Data for this exercise START

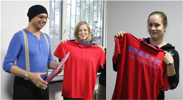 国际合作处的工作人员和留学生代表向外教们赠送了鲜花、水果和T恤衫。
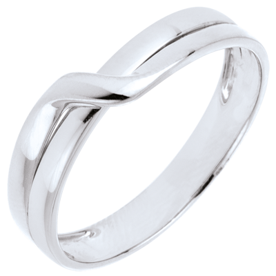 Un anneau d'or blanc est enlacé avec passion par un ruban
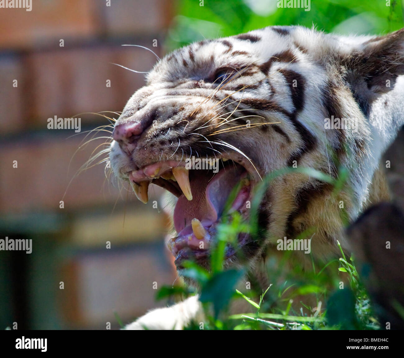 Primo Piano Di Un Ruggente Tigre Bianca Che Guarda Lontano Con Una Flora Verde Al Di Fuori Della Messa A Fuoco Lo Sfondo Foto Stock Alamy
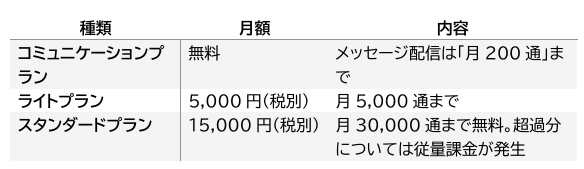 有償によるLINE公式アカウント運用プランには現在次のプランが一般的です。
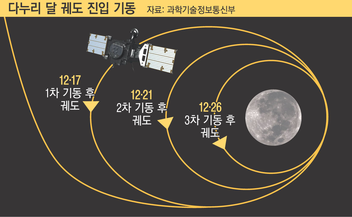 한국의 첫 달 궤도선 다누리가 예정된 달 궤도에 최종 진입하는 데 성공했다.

Data for this exercise END

» **Work task**
Each entry needs to be returned verbatim, with its pictures left out.

» **Written answer**
 国际合作处的工作人员和留学生代表向外教们赠送了鲜花、水果和T恤衫。
 Un anneau d'or blanc est enlacé avec passion par un ruban
 Primo Piano Di Un Ruggente Tigre Bianca Che Guarda Lontano Con Una Flora Verde Al Di Fuori Della Messa A Fuoco Lo Sfondo Foto Stock Alamy
 有償によるLINE公式アカウント運用プランには現在次のプランが一般的です。
 한국의 첫 달 궤도선 다누리가 예정된 달 궤도에 최종 진입하는 데 성공했다.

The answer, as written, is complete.